Summertime

Summer was endless and so were the possibilities. I woke up this morning thinking of 'Summertime'. I love that song. It always lights up something lovely inside.
I woke up this morning thinking of 'Summertime'. I love that song. It always lights up something lovely inside. Besides it's Summertime here right now. The other day I was discussing seasons with someone and she said she didn't like summer - too hot, she didn't like the monsoon - too wet, she didn't like the spring - too many leaves dropping off, and she didn't like the winter - too cold. With that attitude, I said encouragingly, you should sail through life. I should have mentioned, she said, I don't like sailing.

Actually, I'm bit of a grouch myself. And quite an original one too. I have lost count of the times I've announced lately that summer is HOT. It's supposed to be, my mother said the first time I said that, and thereafter ignored me. The government isn't being particularly helpful either - deciding to save on electricity by cutting us off daily at the height of the heat between 12 p.m. and 3 p.m. It's a torture. But - and so I console myself - at least I'm not in Agra right now.

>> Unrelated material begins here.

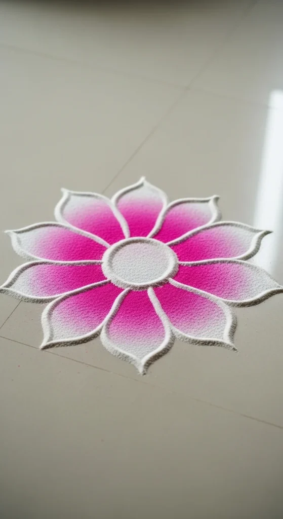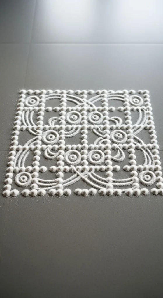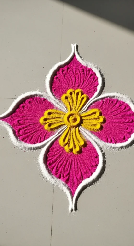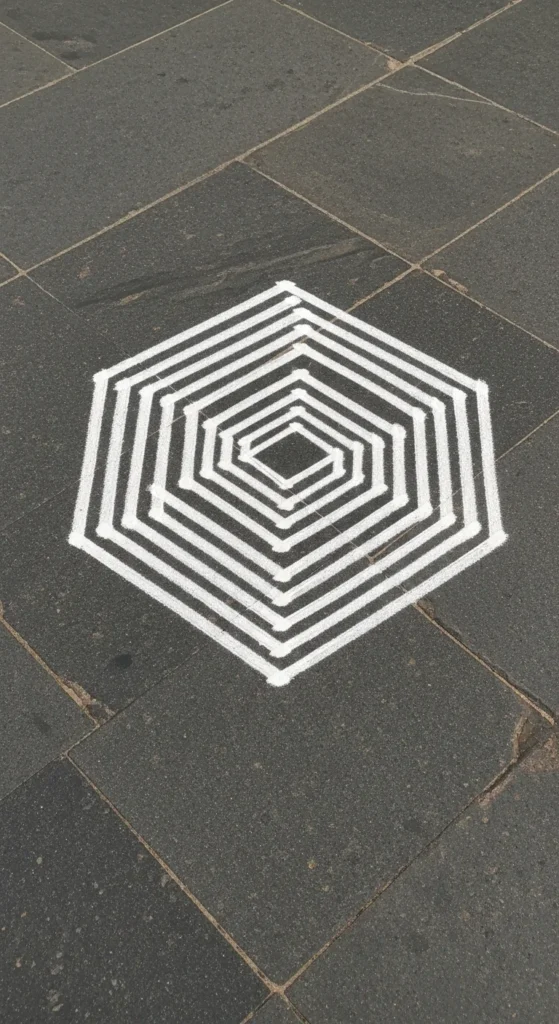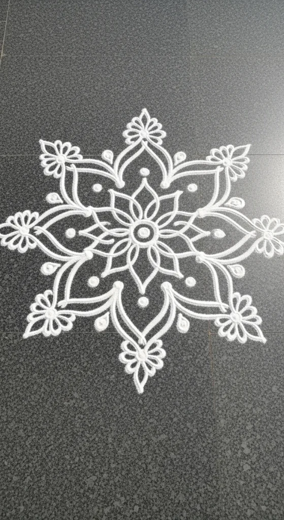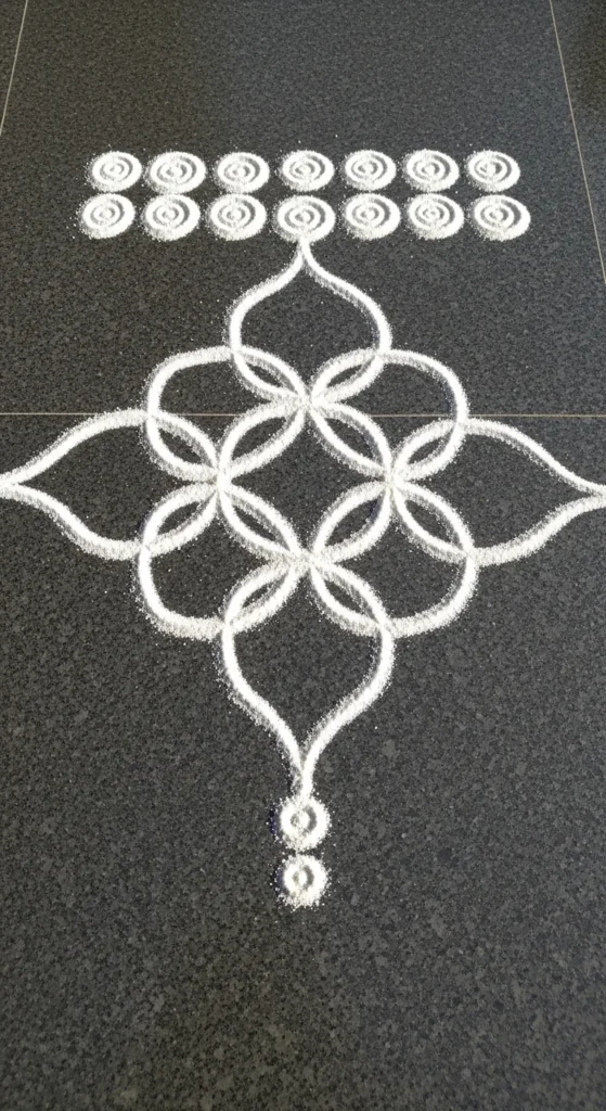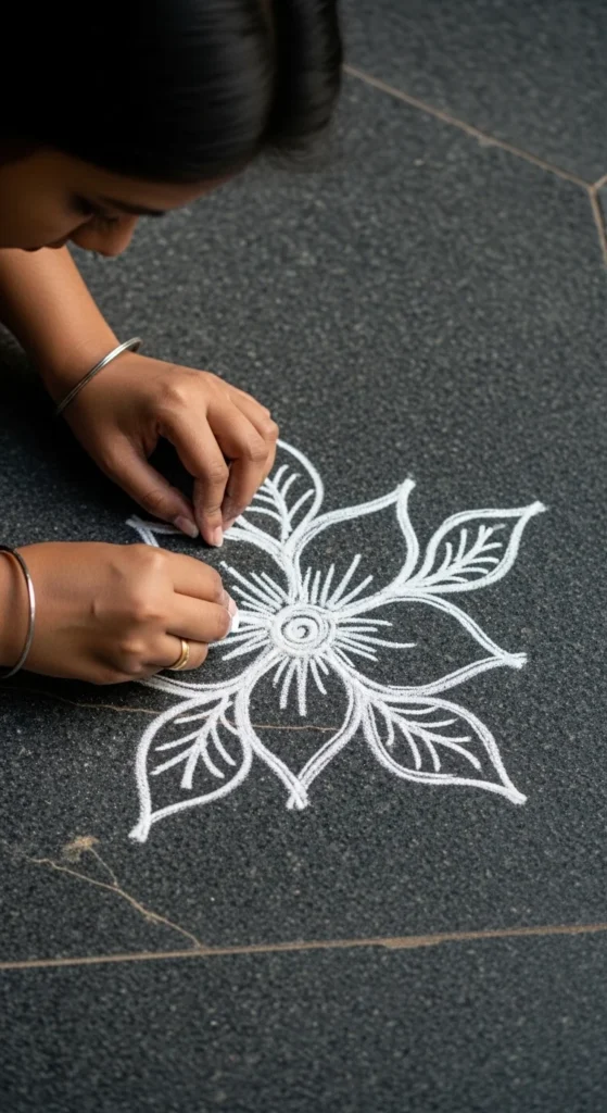 This is one of the most foolproof beginner rangoli designs because symmetry is built in. Use chalk or rice flour to place dots first. Keep equal gaps using your fingers as a rough measuring tool.

I can't stand the heat and I chose to go there in blazing May once - everything shimmered at a distance, all the houses appeared to be designed in the opposite direction to the natural wind currents (not that I detected there were any anyway), and I wilted despite watering myself under the tap every twenty minutes. And, when I went to see the Taj Mahal, of course I went at High Noon and I burnt my feet thoroughly on the scalding white marble. It was truly a horrendous experience and romance never even peeped over the horizon. Made you wonder if Shah Jahan had truly, deeply, madly loved Mumtaz Mahal after all. I mean, if I had been a love-struck Mughal Emperor, I would have chosen a better spot to build a tomb. Why not some place with a nice view of snow mountains, lots of greenery, and a lot of COOL weather?

Of course I changed my mind about the Taj Mahal after I saw it again in the winter - it remains truly grand and this, given the pollution and the overall public and political disrespect for our national heritage, is some achievement - but I still insist he got the location wrong.

I'm a mountain person through and through and I get depressed just passing through places like Punjab. Since I'm getting side-tracked, Bihar and the Uttar Pradesh are two other states in India that I wouldn't voluntarily pass through - I suppose you all have heard of the Wild, Wild West? - well, these two states are the prime samples of the Wild, Wild East. Here, outlaws flourish and bandits flower and a medieval mind-set roughly meanders along. And everyone that is not a thug immigrates. Unfortunately these immigrants tend to find themselves grappling with the same sort of problems that the long-ago immigrants in the American West once had to grapple with - the boundless lands of opportunity beyond are peopled by hostile Indians and they don't want to lose an inch of a ground to the new-comers. Of course, like the American Indians of yore, they have lost more than an inch and that makes them furious. You get to hear lots of plans to remedy the situation. One was really interesting and the government should take note - because, said the individual that suggested it, it will also resolve the Kashmir Issue once and for all - if Pakistan wants Kashmir, we INSIST on handing over Bihar and UP as well, otherwise no dice. I don't think it will work. Pakistan already has Baluchistan.

But to return to the topic, there are just two months more of summer. Not a long time. That's kind of funny. When I was a young kid, summer used to STRETCH! And I never complained about the heat, just - Ma, what should I DO? Of course I did a lot without her needing to suggest anything, but that was kind of a favorite whine every time I felt her attention was wandering from the principle object of attention - me.

The last day of school was the BEST. You couldn't WAIT to get home, which would be teeming with cousins by then. There would be terrific outings - movies, picnics, shopping - and Kulfi (ice-cream), and custard and seven varieties of jelly, and six different flavors of Rasna (a drink) in the frig and large pink slices of water-melon. There would be afternoon adventures when the grown-ups slept - finding new routes to the terrace, usually using a rickety bamboo ladder, the narrow window ledges, a drain pipe or two, and cane stools, building a tree-house in the Acacia, learning to ski on a floor liberally sprinkled with talcum powder, and so on. There would be long evenings of furious games and plenty of family bickering. There would be long bright nights, with walks and stars and singing. There would be long-drawn out Meals that were always loud, excited affairs with ten or twenty people at one sitting, and everyone getting maudlin about being together and invoking the 'old times' when such togetherness was an everyday fare. Bed time was arranging mattresses in a long row on the floor and snuggling down next to your favorite cousin and whispering until you finally dozed off - happy in the knowledge that tomorrow they would all be still here and the day after that and after that - summer was endless and so were the possibilities.

These days things are a tad different. I long out-grew school, the tribe has split up, and summer is only three months, but at least the possibilities are still there. Yesterday evening, by the pond, I learned something new - Goldfish EAT water-melon!